The American College of Medical Genetics will have a
guideline for care forthcoming soon (it had better, since
I am chair of the committee writing it!).
What has been learned
The research arm of WiSSP has generated data
(published in 6 peer reviewed articles) that have helped
define the manner in which stillborn babies should be
evaluated and the tremendous heterogeneity of cause of
stillbirth that is present (see publication list, below).

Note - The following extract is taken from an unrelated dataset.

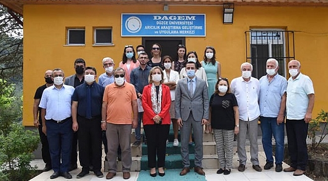 Üniversitemiz arıcılık Araştırma Geliştirme ve Uygulama Merkezi (DAGEM), düzce İl Tarım ve Orman Müdürlüğü ve Düzce İli Arı Yetiştiricileri Birliği’yle ortaklaşa düzenlenen, Bakanlık onaylı “Ana Arı Yetiştirme Teknikleri Kursu” katılımcılara sertifikaların takdim edilmesiyle sona erdi.Yığılca’daki Arıcılık Araştırma Geliştirme ve Uygulama Merkezi’nde düzenlenen programa Rektör Prof. Dr. Nigar Demircan Çakar, Yığılca Kaymakamı Talha Altuntaş, Yığılca Belediye Başkanı Rasim Çam, protokol üyeleri, dagem çalışanları ve sertifika almaya hak kazanan kursiyerler katıldı.DAGEM Müdürü Doç. Dr. Meral Kekeçoğlu, halkı bilinçlendirmek adına arıcılık kursları düzenleyerek kadın ve genç istihdamını artırmayı amaçladıklarını ifade etti.Ana arı üretim kursunu önemsediklerini ve kursun büyük ilgi gördüğünü belirten Kekeçoğlu, Yığılca’nın bölgesel kalkınmasında ana arı üretiminin büyük bir faktör olduğuna değindi. Prof. Dr. Nigar Demircan Çakar da, akademi ve bilimin üretime katkı sağladığını görmekten büyük mutluluk duyduğunu dile getirdi. Üniversitemizin arıcılıktaki başarılarının, 2010 yılında Yığılca’daki potansiyeli keşfetmesiyle başladığına dikkat çeken Rektörümüz, o vizyonun ana arı üretiminden arı ile ilgili ürünlerin farklı alanlarda kullanımına kadar ilerlediğini sözlerine ekledi. Dünya bal üretiminde ikinci sırada yer alan Ülkemizin, kovan verimliliği açısından ise 20. sıralarda yer aldığını ifade eden Rektör, daha bilimsel yöntemlerle dünya lideri olunabileceğini dillendirdi.Açılış ve protokol konuşmalarının ardından kursiyerlere sertifikaları takdim edildi. Program, geleceğe bir nefes olmak adına toplumsal farkındalık oluşturan kestane fidesi dikimi ile sona erdi.

We have, I think, demonstrated that the NIH and March of
Dimes were wrong collaborative assessments can be
done even on a rather large geographic and institutional
scale. I suspect that many in the bereavement community
have a different, fuller view of stillbirth through
contacts with WiSSP (as we have learned enormously from
them).
What next?
From a scientific perspective I anticipate major advances
in our understanding of intrauterine death over the next
decade. I suspect these may come from three avenues of
investigation. First, there are a host of lethal genetic
processes in other mammals that have been incompletely
investigated. Inquiry into these processes using
developing molecular technology may yield insights
applicable to human stillbirth, too. Secondly, we still
dont know how much (or how little) newly
recognized, novel genetic mechanisms in humans, such as
microdeletions, uniparental disomy, etc., contribute to
intrauterine death; I suspect these may be more important
than is currently demonstrable. Third, I can not imagine
that progress will not be made in both understanding
non-genetic causes of stillbirth and in generating
prevention strategies.
I am far less sanguine about whether
assessment, counseling and research regarding stillbirth
will be viewed as a funding priority in any sector,
public or private. And I dont know what to do about
that...
Publications to date of the
Wisconsin Stillbirth Service Program:
Greb AE, Pauli RM, Kirby RS: Accuracy
of fetal death reports: Comparison with data from an
independent stillbirth assessment program. Am
j pub health 77:1202-1206, 1987.
Luebke HJ, Reiser CA, Pauli RM: Fetal
disruptions: assessment of frequency, heterogeneity and
embryologic mechanisms in a population referred to a
community-based stillbirth assessment program. Am
j med genet 36:56-72, 1990.
Pauli RM, Reiser CA, Lebovitz RM,
Kirkpatrick SJ: The Wisconsin Stillbirth Service
Program: I. Establishment and assessment of a community
based program for etiologic investigation of intrauterine
deaths. Am j med genet 50:116-134,
1994.
Pauli RM, Reiser CA: The
Wisconsin Stillbirth Service Program: II. Analyses of
diagnoses and diagnostic categories in the first 1000
referrals. Am j med genet 50:135-153,
1994.
Pauli RM: Lower mesodermal
defects a common cause of fetal and early neonatal
death. Am j med genet 50:154-172, 1994.
Dasgupta NR, Pauli RM, Horton VK,
Reiser CA: Validation of radiographic criteria
for the diagnosis of Down syndrome in stillborn infants. Am
j med genet 72:347-350, 1997.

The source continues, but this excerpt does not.